Utility scripts for Deblur #119

cuttlefishh · 2016-12-06T21:20:45Z

Two scripts are included here:

verify_amplicon_type.py -- uses the first 4 nt to guess which kind of amplicon the OTU sequences come from. Currently supports 16S, 18S, and ITS. While a given study should all start at the same place in the sequence, and this should also be true for the same primer set, it is helpful to be able to check the that all the studies in a meta-analysis start at the same 5' position. Additionally, one might have some sequences of unknown origin.

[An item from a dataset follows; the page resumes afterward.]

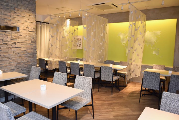 木目や緑など自然を感じさせる落ち着いた雰囲気のカフェスペース

This will help identify what they are without blast and such.
summarize_otu_distributions.py -- gives for each OTU in a biom table, the number, fraction, and rank of samples in which an OTU is found, and the abundance, fraction, and rank of observations represented by that OTU. It also provides the taxonomy and a list of all the samples the OTU is found in. Importantly, the script requests that the user feeds in a rarefied biom table. This code was developed for the 'OTU sequence lookup' effort, and is mostly a wrapper for some biom commands, but I think it should have general utility for Deblur users.

mortonjt · 2016-12-06T21:25:38Z

scripts/summarize_otu_distributions.py

+              help="Output OTU summary (.tsv)")
+
+def make_otu_summary(input_biom_fp, output_summary_fp):
+    """Summarize distribution information about each OTU (sequnece) in a Deblur


sequnece -> sequence

cuttlefishh · 2016-12-06T21:28:00Z

Thanks! Fixed.

…

On Dec 6, 2016, at 1:25 PM, Jamie Morton ***@***.***> wrote: @mortonjt commented on this pull request. In scripts/summarize_otu_distributions.py <#119 (review)>: > +import pandas as pd +import numpy as np +import biom + ***@***.***() ***@***.***('--input_biom_fp', '-i', required=True, + type=click.Path(resolve_path=True, readable=True, exists=True, + file_okay=True), + help="Input rarefied OTU table (.biom)") ***@***.***('--output_summary_fp', '-o', required=True, + type=click.Path(resolve_path=True, readable=True, exists=False, + file_okay=True), + help="Output OTU summary (.tsv)") + +def make_otu_summary(input_biom_fp, output_summary_fp): + """Summarize distribution information about each OTU (sequnece) in a Deblur sequnece -> sequence — You are receiving this because you authored the thread. Reply to this email directly, view it on GitHub <#119 (review)>, or mute the thread <https://github.com/notifications/unsubscribe-auth/AFa_ZofG5OlU3RKuoHUOFfPAOGl_zbrbks5rFdLSgaJpZM4LF5X3>.

wasade · 2016-12-06T22:53:23Z

scripts/summarize_otu_distributions.py

+              file_okay=True), 
+              help="Output OTU summary (.tsv)")
+
+def make_otu_summary(input_biom_fp, output_summary_fp):


wouldn't it make sense for this to be part of biom?

wasade · 2016-12-06T22:53:39Z

scripts/summarize_otu_distributions.py

+    samples = table.ids(axis='sample')
+    otus = table.ids(axis='observation')
+    for idx, cdat in enumerate(table.iter_data(axis='observation')):
+        otu_total_obs[otus[idx]] = np.sum(cdat)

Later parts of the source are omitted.